── DATA UNDER STUDY ──
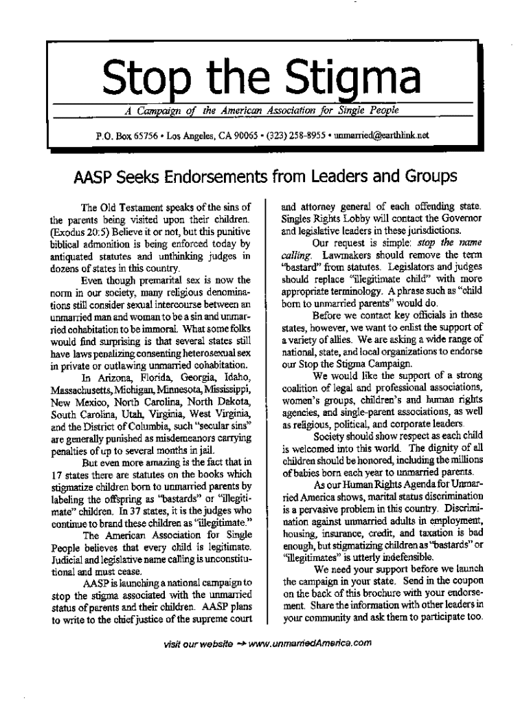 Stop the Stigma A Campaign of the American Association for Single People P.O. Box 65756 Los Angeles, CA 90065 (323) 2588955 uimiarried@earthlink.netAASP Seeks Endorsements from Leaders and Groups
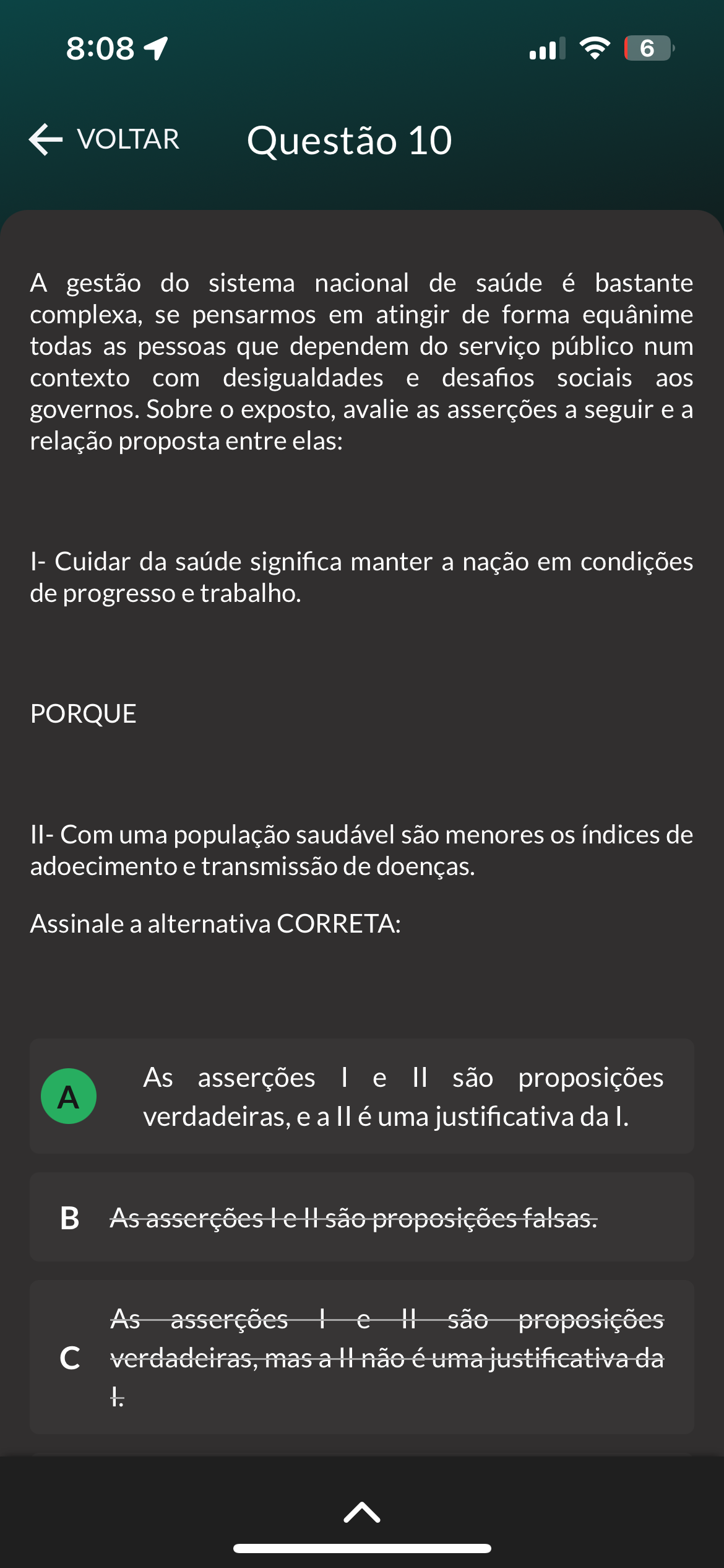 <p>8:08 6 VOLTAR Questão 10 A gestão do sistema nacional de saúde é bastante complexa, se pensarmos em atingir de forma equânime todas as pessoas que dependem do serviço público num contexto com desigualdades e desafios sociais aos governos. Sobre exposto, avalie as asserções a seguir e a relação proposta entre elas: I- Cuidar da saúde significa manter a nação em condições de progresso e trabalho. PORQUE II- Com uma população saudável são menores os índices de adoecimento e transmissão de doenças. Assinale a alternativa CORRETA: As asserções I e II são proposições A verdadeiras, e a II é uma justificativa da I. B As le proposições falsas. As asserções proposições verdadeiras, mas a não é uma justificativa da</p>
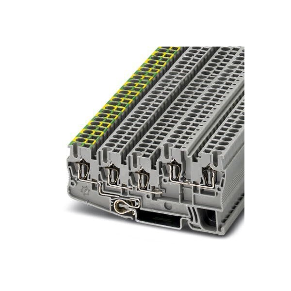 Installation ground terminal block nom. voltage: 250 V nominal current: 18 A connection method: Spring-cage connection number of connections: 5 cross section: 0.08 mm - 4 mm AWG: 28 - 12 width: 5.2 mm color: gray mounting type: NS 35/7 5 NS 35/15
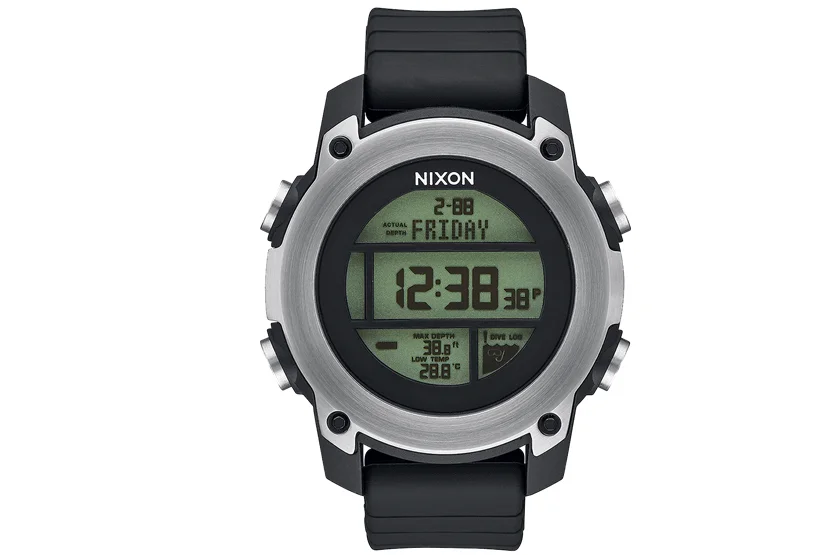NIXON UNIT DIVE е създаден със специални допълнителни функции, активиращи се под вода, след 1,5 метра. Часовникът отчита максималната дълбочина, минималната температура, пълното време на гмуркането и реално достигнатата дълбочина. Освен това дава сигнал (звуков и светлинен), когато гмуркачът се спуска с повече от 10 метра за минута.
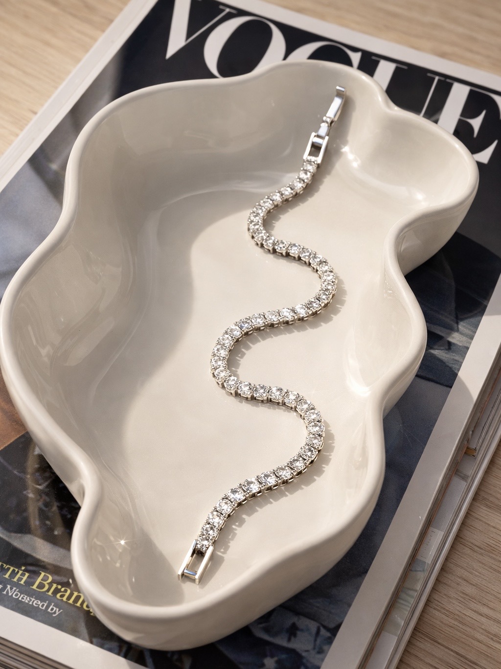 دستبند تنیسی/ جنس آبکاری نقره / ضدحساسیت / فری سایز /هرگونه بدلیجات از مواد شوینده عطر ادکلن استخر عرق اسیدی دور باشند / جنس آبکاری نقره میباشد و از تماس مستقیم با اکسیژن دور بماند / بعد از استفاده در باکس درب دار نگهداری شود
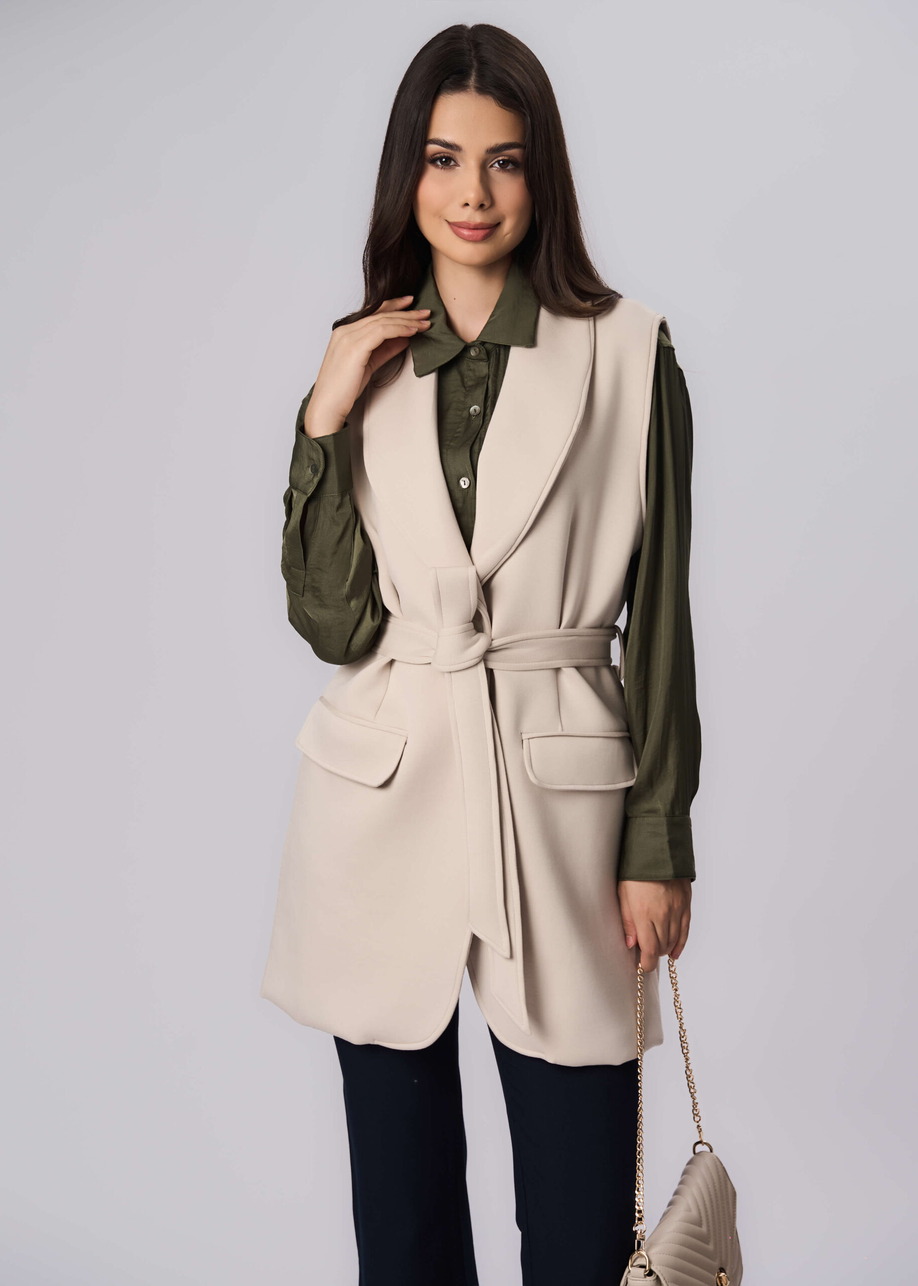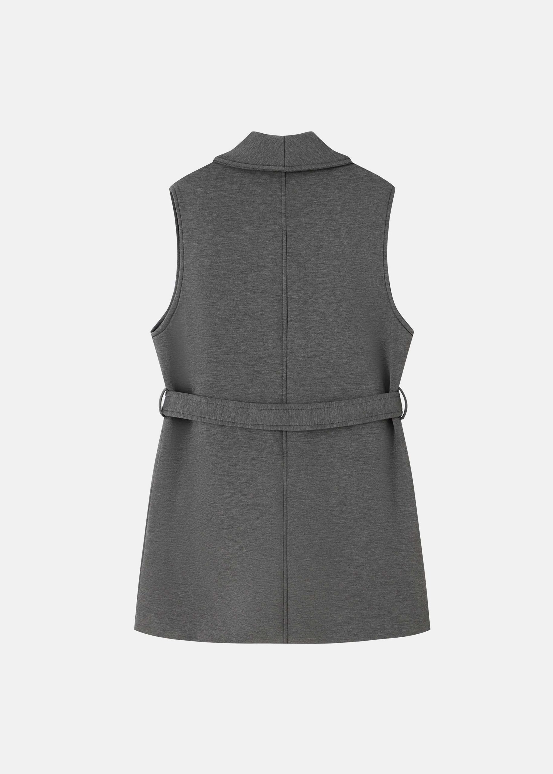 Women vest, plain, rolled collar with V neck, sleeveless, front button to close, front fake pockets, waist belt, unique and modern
───
• _TASK TO COMPLETE_: The lines above should be transcribed exactly, with every image removed.

• _SOLUTION TO THIS EXERCISE_:
 Stop the Stigma A Campaign of the American Association for Single People P.O. Box 65756 Los Angeles, CA 90065 (323) 2588955 uimiarried@earthlink.netAASP Seeks Endorsements from Leaders and Groups
 <p>8:08 6 VOLTAR Questão 10 A gestão do sistema nacional de saúde é bastante complexa, se pensarmos em atingir de forma equânime todas as pessoas que dependem do serviço público num contexto com desigualdades e desafios sociais aos governos. Sobre exposto, avalie as asserções a seguir e a relação proposta entre elas: I- Cuidar da saúde significa manter a nação em condições de progresso e trabalho. PORQUE II- Com uma população saudável são menores os índices de adoecimento e transmissão de doenças. Assinale a alternativa CORRETA: As asserções I e II são proposições A verdadeiras, e a II é uma justificativa da I. B As le proposições falsas. As asserções proposições verdadeiras, mas a não é uma justificativa da</p>
 Installation ground terminal block nom. voltage: 250 V nominal current: 18 A connection method: Spring-cage connection number of connections: 5 cross section: 0.08 mm - 4 mm AWG: 28 - 12 width: 5.2 mm color: gray mounting type: NS 35/7 5 NS 35/15
NIXON UNIT DIVE е създаден със специални допълнителни функции, активиращи се под вода, след 1,5 метра. Часовникът отчита максималната дълбочина, минималната температура, пълното време на гмуркането и реално достигнатата дълбочина. Освен това дава сигнал (звуков и светлинен), когато гмуркачът се спуска с повече от 10 метра за минута.
 دستبند تنیسی/ جنس آبکاری نقره / ضدحساسیت / فری سایز /هرگونه بدلیجات از مواد شوینده عطر ادکلن استخر عرق اسیدی دور باشند / جنس آبکاری نقره میباشد و از تماس مستقیم با اکسیژن دور بماند / بعد از استفاده در باکس درب دار نگهداری شود
 Women vest, plain, rolled collar with V neck, sleeveless, front button to close, front fake pockets, waist belt, unique and modern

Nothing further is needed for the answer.